As with money in your personal finances or gas in your gas tank, vSphere resources in your virtual infrastructure are never a problem – until you have too little of them. Once you run out of vSphere resources, that’s when your company’s applications start to grind to a halt, your end users start to call and complain, and your CEO/CIO calls you on your cell phone, wanting to know what’s going on. Undoubtedly, your job is on the line when it comes to proper management of vSphere resources. If applications run slow, you look bad. Additionally, the proper management of the datacenter infrastructure and vSphere resources are really something that your company’s management takes for granted as something that should just “work”, like the telephone. As you likely know, managing resources can be tough as, in most cases, you don’t have any control over the resources that are demanded by the applications. You have to simply try to “predict” the resources that will be demanded, both now and in the future, by your applications and plan accordingly to provide those resources.

So let’s say that you are new (or need a refresher) when it comes to managing vSphere resources. What do you need to know to get started?

vSphere – Physical vs Virtual

When you consolidate your physical servers into virtual servers with a hypervisor like VMware vSphere, one of your major goals is to drive up higher utilization of the physical server resources – CPU, memory, disk, and network. Because so many traditional physical servers sit idle, virtualization is a great solution as it helps you to gain greater return on investment (ROI) with that hardware.

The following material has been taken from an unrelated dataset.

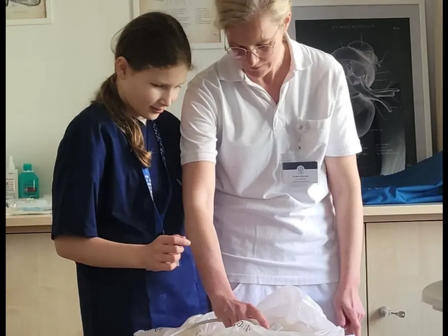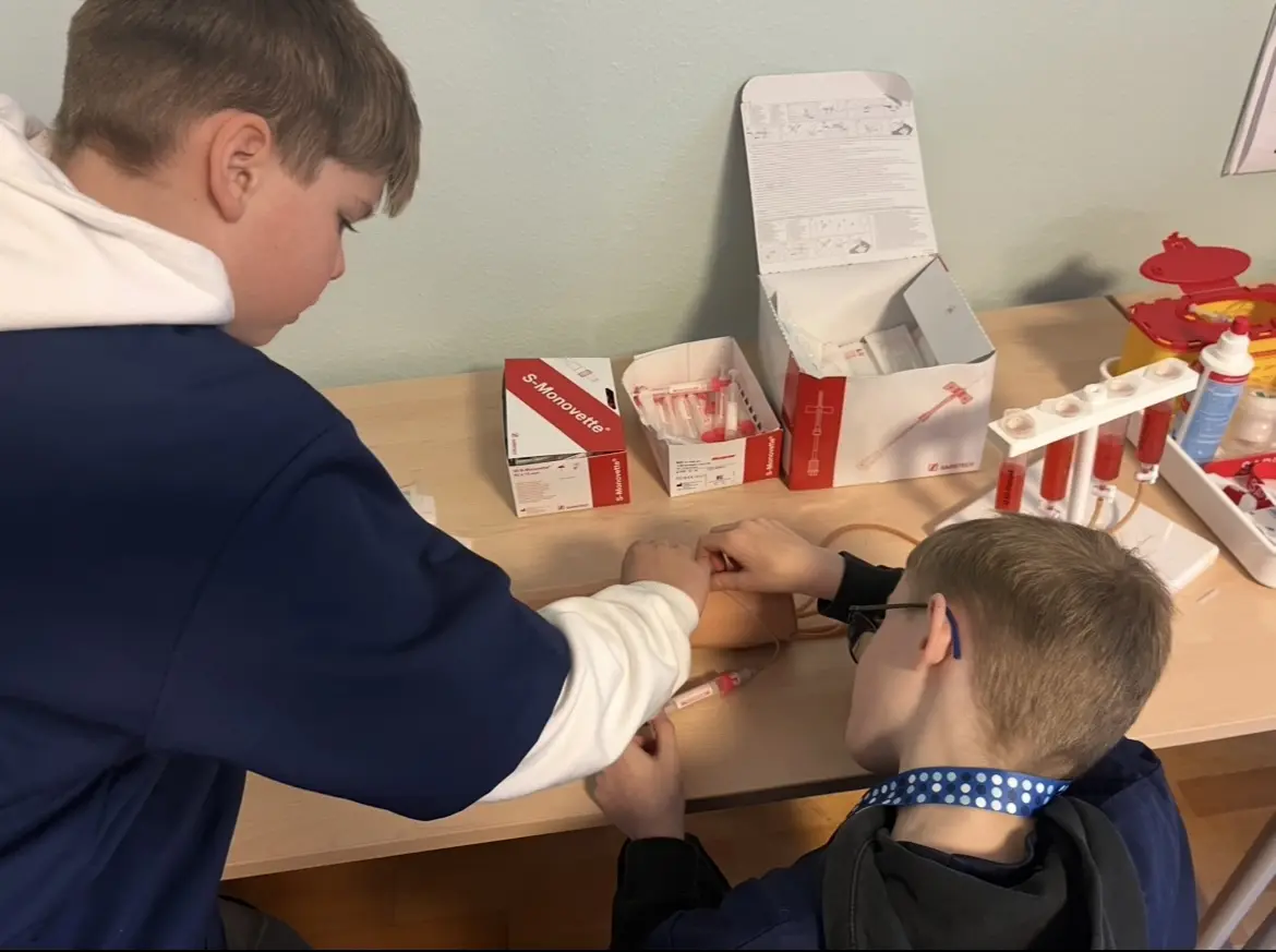 „Ein Tag im Krankenhaus“ hieß das Motto für 21 Kinder im Krankenhaus Marienstift. Dabei wurde nicht nur zugeschaut, sondern aktiv mitgemacht. In der Endoskopie konnten versteckte Süßigkeiten geborgen werden und beim Ultraschall wurde ein Blick ins Innere von Wackelpudding geworfen, denn auch dort war etwas versteckt. Weitere Stationen führten in den Kreißsaal, die Entbindungsstation und die Physiotherapie. Besonders spannend waren auch das Blutdruckmessen, EKG-Schreiben, das Üben der Blutabnahme am Trainingsarm sowie die richtige Händedesinfektion. Nach einem gemeinsamen Mittagessen und einem Quiz zum Abschluss gingen die Schüler:innen mit vielen neuen Eindrücken nach Hause.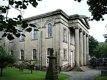 Longholme Methodist Church is Methodist church in Rawtenstall, Lancashire. 53°42′04″N 2°17′10″W / 53.70103°N 2.28619°W / 53.70103; -2.28619 (Longholme Methodist Church) The current building is the third used for methodist worship in Rawtenstall. It cost £7,000 and was opened on 18 March 1842. It provided 1300 seats for worshippers.[1] The building was designed by John Simpson of Leeds.[2] It was financed by the brothers Thomas, David and Peter Whitehead,[2] local businessmen who are buried in a shared grave in the churchyard.[3]

However, the question always remains, with a goal of driving up utilization, how far do you push it? If you push utilization too far then your applications will suffer. While in some perfect world, you could run your servers at 99% or 100% utilization and the applications would perform perfectly, it’s not realistic today. So, the goal with virtualization is to drive up utilization from an average (note I said average, not real-time) utilization of 2-5% to 70-80%. By keeping utilization around 70-80% of CPU and memory, you can gain much greater ROI but without negatively impacting applications running in the virtual infrastructure.

Another challenge with vSphere resource management is the understanding and correlation between the physical resources on the server (CPU, memory, disk, and network) to the virtual resources created by the hypervisor – the virtual CPU, virtual memory, virtual disk, and virtual network.

vSphere makes those virtual resources appear to be unlimited but, if you know how vSphere works, you should know that virtual resources are not infinite but, because of hardware abstraction, it’s important that they appear to be so.

Thus, it’s your job to manage both physical AND virtual resources.

vSphere Resource Types

In VMware vSphere there are a variety of resource types that you need to know about. They are:

  • CPU
  • Memory
  • Power
  • Storage
  • Network

The CPU, memory, storage, and networking resources are all expected but the “power” resource might be unexpected. In some datacenters there may be an unlimited amount of power (at least today) but it is still a finite resource that needs to be monitored and, in many cases, actively managed. vSphere can provide power utilization statistics for hosts and can help to reduce power utilization with distributed power management (DPM), which consolidates VMs when utilization is low on fewer hosts and puts unused hosts to sleep.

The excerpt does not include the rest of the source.